魔法を斬るたびにかけらがきらきらと舞って私を彩ってくれる。これを見たら二人とも私に惚れてしまうかもしれないわね。そう思いながら作った剣を投げるとあらぬ方向に一部飛んで行ってしまう。ちょっと優雅さが欠けてしまったかも。

「あら……段々大味になってきたわね」

矢を放ってくる数が減って魔法による攻撃が増えてきた。もちろん私は止まらない。段々と地面がボロボロになって相手の隠れる場所もなくなって来た。そろそろ仕留めに行くしかないか。三人の大体の位置は分かった。

「まずは……貴方ね」

狙った彼はこの中で一番強いと思われる。たが、正確に顔や急所を狙ってくるのでとても防御がしやすい。優秀なだけにちょっと惜しい。将来的には私達のいい相手になるのかもしれない。

「くそっ……!」

10メルまで近づいたところで彼は魔法を捨てて斬りかかってくる。

「あら……」

正直近接勝負に持ち込んでくるのは好感度が高い。剣戟を交わすごとに激しい音が響く。この人、剣にも魔法を付与できるみたい。
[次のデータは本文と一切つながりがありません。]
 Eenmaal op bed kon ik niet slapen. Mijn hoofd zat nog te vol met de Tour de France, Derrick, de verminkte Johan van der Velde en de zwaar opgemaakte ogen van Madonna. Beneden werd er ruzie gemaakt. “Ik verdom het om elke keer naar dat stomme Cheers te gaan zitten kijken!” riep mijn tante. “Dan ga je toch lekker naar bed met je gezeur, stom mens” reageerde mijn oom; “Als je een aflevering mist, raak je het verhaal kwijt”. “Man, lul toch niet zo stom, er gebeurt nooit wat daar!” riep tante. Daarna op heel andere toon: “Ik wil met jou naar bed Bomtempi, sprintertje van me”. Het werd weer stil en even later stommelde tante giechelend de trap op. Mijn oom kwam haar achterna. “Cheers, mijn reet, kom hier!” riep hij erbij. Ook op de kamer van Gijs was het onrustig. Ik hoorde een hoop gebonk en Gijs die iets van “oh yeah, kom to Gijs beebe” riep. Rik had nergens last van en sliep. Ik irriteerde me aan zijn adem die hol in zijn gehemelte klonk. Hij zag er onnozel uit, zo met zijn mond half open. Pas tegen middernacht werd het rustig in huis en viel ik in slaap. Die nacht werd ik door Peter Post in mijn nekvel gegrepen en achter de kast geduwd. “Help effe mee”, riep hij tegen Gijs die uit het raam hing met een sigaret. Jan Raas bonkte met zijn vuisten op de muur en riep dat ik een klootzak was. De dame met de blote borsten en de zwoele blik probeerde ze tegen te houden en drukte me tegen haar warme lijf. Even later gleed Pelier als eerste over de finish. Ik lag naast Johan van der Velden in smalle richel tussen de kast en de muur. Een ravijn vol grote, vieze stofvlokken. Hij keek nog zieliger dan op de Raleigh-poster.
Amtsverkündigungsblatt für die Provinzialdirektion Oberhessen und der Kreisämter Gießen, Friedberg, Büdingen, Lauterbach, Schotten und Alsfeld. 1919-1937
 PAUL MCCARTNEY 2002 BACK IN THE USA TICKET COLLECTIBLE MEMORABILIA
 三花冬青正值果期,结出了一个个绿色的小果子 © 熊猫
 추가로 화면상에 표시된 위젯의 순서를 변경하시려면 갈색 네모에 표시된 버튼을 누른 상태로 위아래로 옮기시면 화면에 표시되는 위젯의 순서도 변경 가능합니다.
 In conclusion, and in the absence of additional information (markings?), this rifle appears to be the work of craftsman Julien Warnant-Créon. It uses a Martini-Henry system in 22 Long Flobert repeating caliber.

護身用の剣で私の剣と打ち合うなんてやるわね。

「でも……っ!」

相手を押し切ってまた10メルほど投げつけてから左手に剣を持ち換えて、今度は右手で、作り出した剣を投げつける。投げつけた勢いのまま前のめりに前に進む。着弾して土煙が立って視界がふさがれる。

「ふっ……!」

気配を感じ取って思いっきり剣を突きたてる。何かを貫いた感覚。

「もらった!」

しかし、土煙を割いて右手側から現れる彼。なるほど、幻惑を食らったわね。私の胸元に迫る刃。しかし、その刃は空中を舞っていった。

「強かったわ」

驚く彼の顔を見ながら二つの剣で×を描くように体を斬る。光に包まれるのを見届けて一息。
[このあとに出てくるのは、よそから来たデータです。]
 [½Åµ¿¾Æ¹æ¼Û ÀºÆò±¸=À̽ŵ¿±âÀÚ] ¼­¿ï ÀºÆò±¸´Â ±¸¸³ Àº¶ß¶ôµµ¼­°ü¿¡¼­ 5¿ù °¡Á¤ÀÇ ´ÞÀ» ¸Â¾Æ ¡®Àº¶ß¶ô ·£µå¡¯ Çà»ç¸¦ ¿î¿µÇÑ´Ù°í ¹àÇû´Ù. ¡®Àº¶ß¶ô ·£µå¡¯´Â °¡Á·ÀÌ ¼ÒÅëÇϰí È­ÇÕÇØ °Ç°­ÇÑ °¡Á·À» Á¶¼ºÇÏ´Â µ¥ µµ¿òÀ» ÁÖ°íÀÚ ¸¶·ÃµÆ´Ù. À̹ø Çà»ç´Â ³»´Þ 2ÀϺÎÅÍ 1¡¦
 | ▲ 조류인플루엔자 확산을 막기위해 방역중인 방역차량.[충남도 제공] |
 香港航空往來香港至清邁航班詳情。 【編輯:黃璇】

「強く作るのもできるのよ……ふふっ。さて……次、ね」

ひゅっと耳元を通り抜けていく矢。そこね。ぐっと足に力を込めて一気に飛び掛かって一撃を見舞う。

「嘘でしょ……⁉」

驚いた顔の先輩。弓ごと真っ二つに斬りつけた。まさか相手もこの距離をひとっ飛び

するとは思ってなかったのだろう。

「最後は貴女ね」

「こ、凍れ……っ!」

「遅いわ」

相手の魔法の発動がが終わる前に迫ってがら空きの胸に刃を突き立てる。勝負あり、ね。

「試合終了!」

最後の一人が光に包まれて消えたところで試合終了が告げられる。ミアたちがいる方向に振り返ると二人ともこっちを見ている。
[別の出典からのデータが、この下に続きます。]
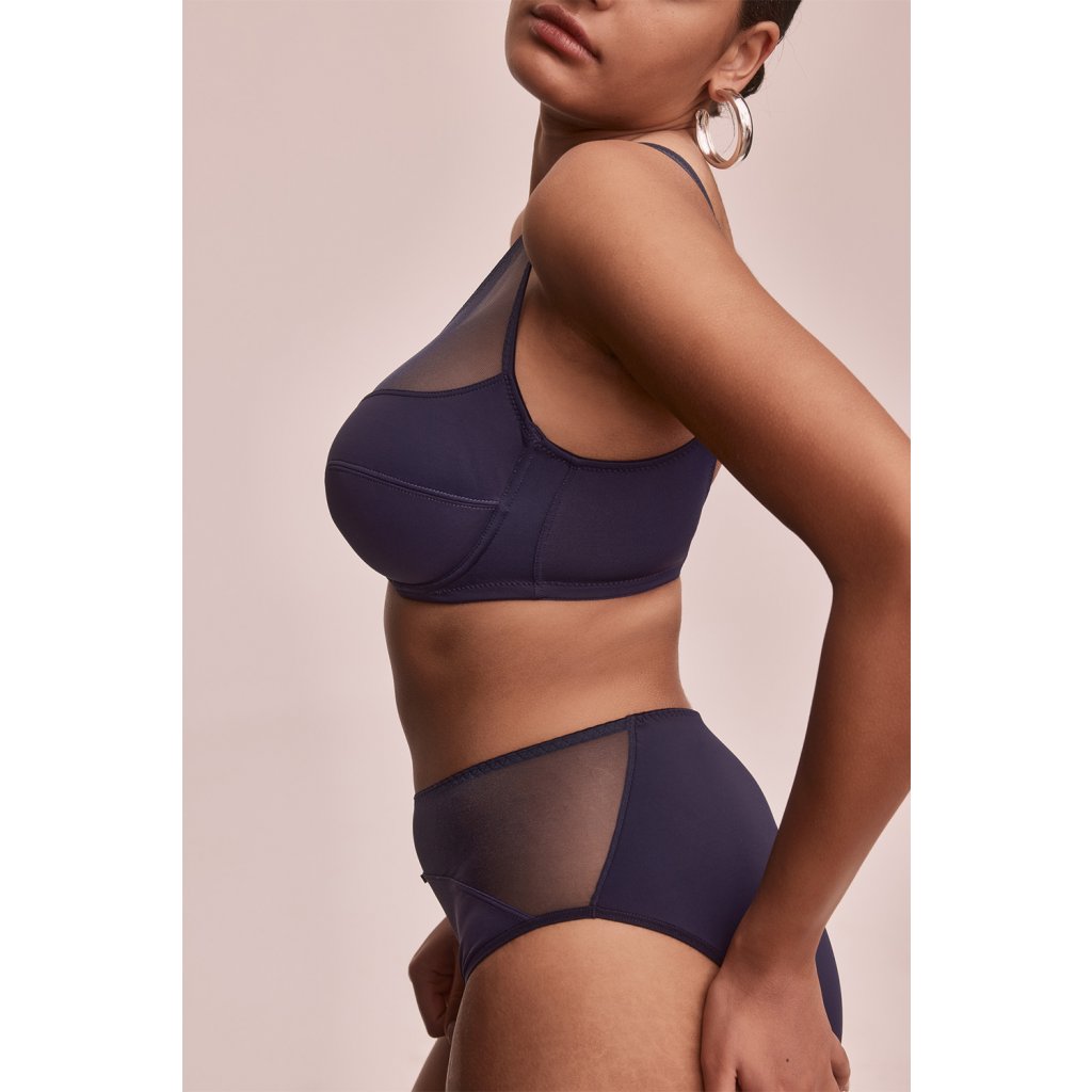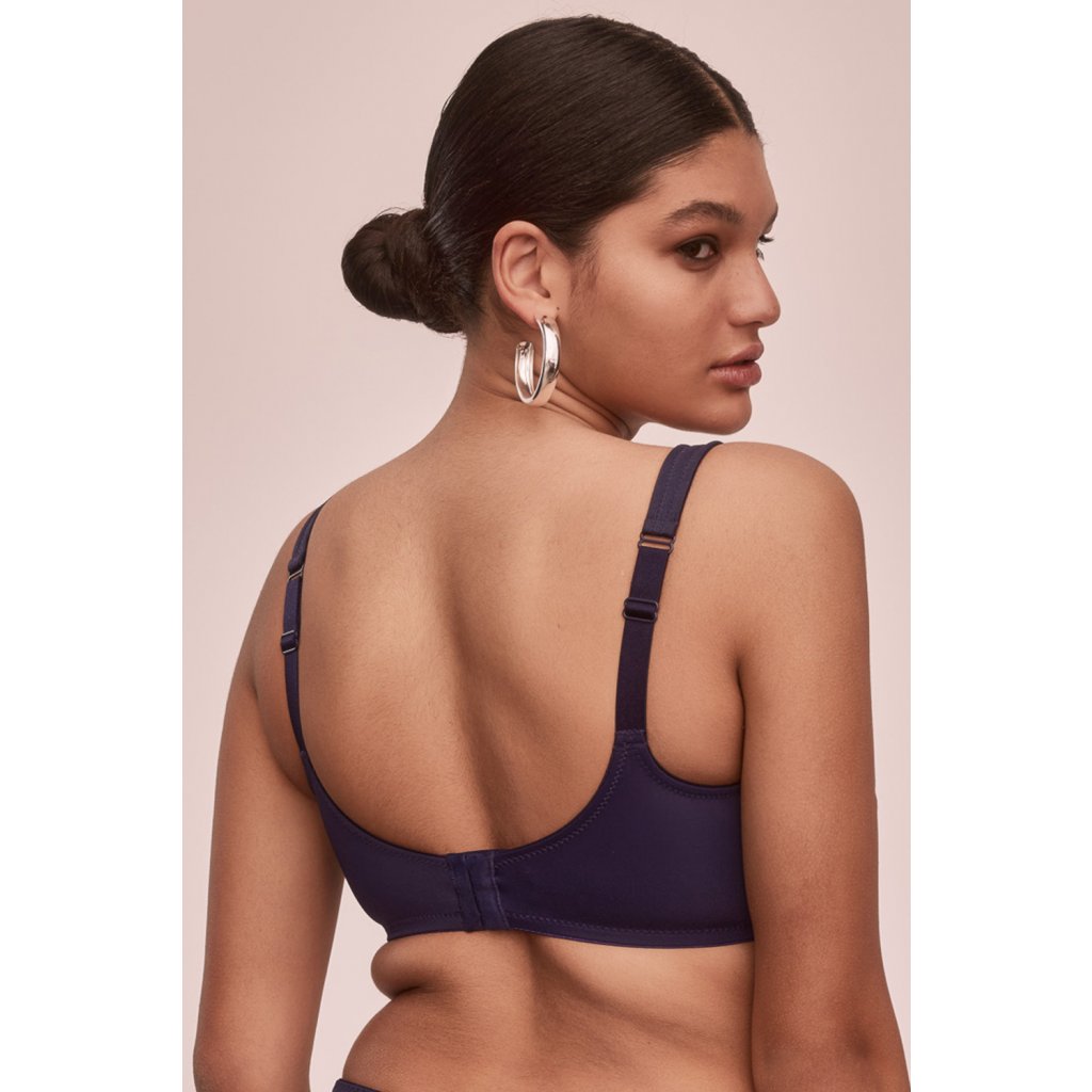 Klasická měkká podprsenka v tmavě modré barvě navržená pro ženy, které ocení pohodlí a jednoduchý styl. Dokonale se přizpůsobí tvaru prsou.
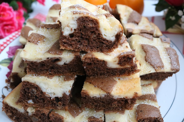 Umutiti jaja sa 3 kašike šećera dodati brašno, kakao, i prašak za pecivo prosejano, dodati ulje, kiselu vodu. Sve dobro izmešati i sipati u podmazan pleh. Sir dobro izgnječiti dodati jaje i kašiku skrobnog kukuruznog brašna.

今回の試合で三人を一人で殲滅できたことだしミアとレイも私に惚れるに違いない。ロベリアもノアもエトラも私の事を大好きになったわね間違いない。

「ふふっ」

そうだ、せっかくだし彼女たちに皇女たる私の笑顔をあげちゃおう。きっと喜ぶ。



「え、エイリーン。すごいわね」

「一人で三人を倒しちゃうなんて……」

試合から戻ったところでエイリーンに駆けよって声をかける。

「ふふっ。そうでしょ」

「強くて可憐だったわ。ほんとに素敵だった」

ぎゅっと手を握って彼女の目を見て伝える。巫女さんのように、華麗に攻撃をいなしながら舞っているようだった。思わず口を開けて見入ってしまうくらいの神々しさ、と言うべきものだったかもしれない。

「と、当然よね!」

珍しく頬をほんのり染めながらぷいっと斜めを向いてしまうエイリーン。私の気持ち、伝わっただろうか。

「姉様ったらまた人の事を誑かして……」

ぼそっと妹が何か言っていたけど聞き取れない。ほんのり私をジト目で見つめている気もする。

「三人とも、一旦出るように」

咳払いを一つした審判の先生に注意をされてしまう。

「あ、申し訳ありません」

「行きましょう姉様、エイリーンさん」

「そ、そうね」

一旦休憩のためのスペースに戻る。いつの間にか三人で手をつなぎながら仲良く帰っていた。私を真ん中にして。